For years, the only Iraqis to speak at the United Nations were Saddam Hussein’s men. They came to the U-N, not to represent the Iraqi people, but to lie about the Iraqi dictator’s violations of international law, aggression against other nations, and massive human rights abuses.
That is no longer the case. On December 16th, Iraq’s interim foreign minister, Hoshyar Zebari, addressed the U-N Security Council. He urged the U-N not to delay in helping his country recover from Saddam Hussein’s ruinous rule:
“The U-N as an organization failed to help rescue the Iraqi people from a murderous tyranny that lasted over thirty-five years. The U-N must not fail the Iraqi people again.”
Mr.

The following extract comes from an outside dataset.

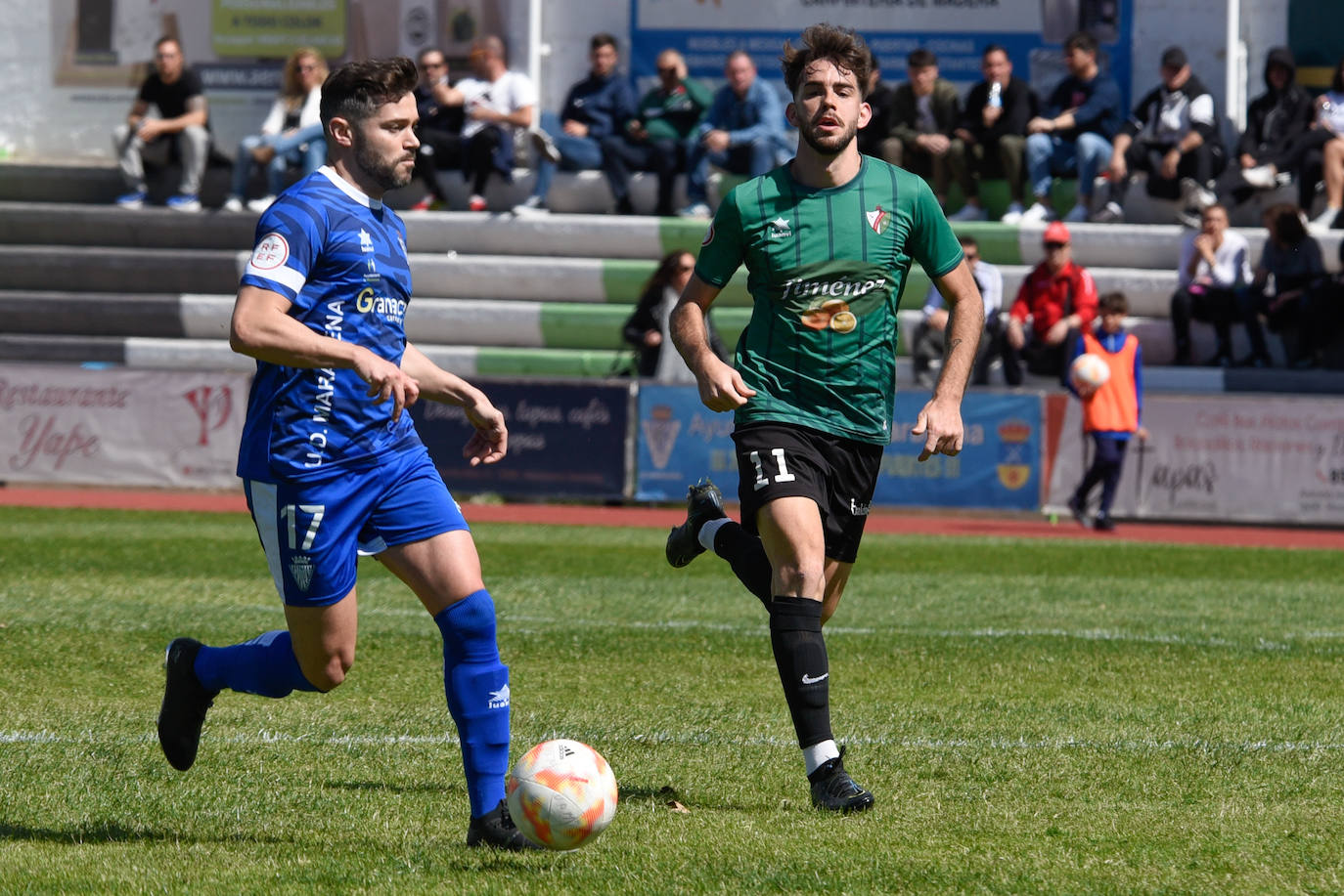 En el segundo periodo se produjo una una jugada similar. Penalti: Dani Salvatierra sumó el segundo para el equipo de 'Rizos'. Los hueteños controlaron el encuentro hasta el final, pero con el tiempo de prolongación ya cumplido Rubén anotó para el Maracena en una jugada a balón parado. El partido estaba acabado, pero el colegiado dejó dos minutos más, suficientes para que el Maracena pudiera igualar en la última acción del encuentro.

Zebari said that continued disagreements among U-N members were complicating efforts to return government in Iraq to the people:
“This squabbling over political differences takes a back seat to their daily struggle for security, jobs, basic freedoms, and all the rights the U-N is chartered to uphold.”

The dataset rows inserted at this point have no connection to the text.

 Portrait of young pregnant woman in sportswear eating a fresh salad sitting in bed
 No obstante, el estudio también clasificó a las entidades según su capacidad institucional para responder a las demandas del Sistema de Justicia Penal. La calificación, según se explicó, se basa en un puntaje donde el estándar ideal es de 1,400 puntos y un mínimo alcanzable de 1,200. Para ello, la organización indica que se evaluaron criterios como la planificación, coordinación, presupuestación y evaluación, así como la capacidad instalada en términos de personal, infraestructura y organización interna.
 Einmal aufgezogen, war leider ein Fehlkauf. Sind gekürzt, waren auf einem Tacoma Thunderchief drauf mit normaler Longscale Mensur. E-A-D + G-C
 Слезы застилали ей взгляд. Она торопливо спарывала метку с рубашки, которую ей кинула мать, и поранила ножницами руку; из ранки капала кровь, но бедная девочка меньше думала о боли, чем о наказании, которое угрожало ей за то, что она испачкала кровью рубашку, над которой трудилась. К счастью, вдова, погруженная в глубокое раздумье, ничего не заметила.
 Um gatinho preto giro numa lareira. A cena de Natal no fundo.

Mr. Zebari also stressed that Iraqis should play “a full part in any initiatives that concern the future of [their] country”:
“Without Iraqi participation in discussions that have Iraqi interests at stake, such as the recently formed U-N contact group, decisions taken cannot be held valid.”
Mr. Zebari’s points are well taken. And one hopes that U-N members will take them to heart.
As President George W. Bush said at the U-N in September, the U.S.-led coalition’s primary goal “is self-government for the people of Iraq, reached by orderly and democratic process. This process must unfold according to the needs of the Iraqis, neither hurried, nor delayed by the wishes of other parties. And the United Nations,” said President Bush, “can contribute greatly to the cause of Iraqi self-government.”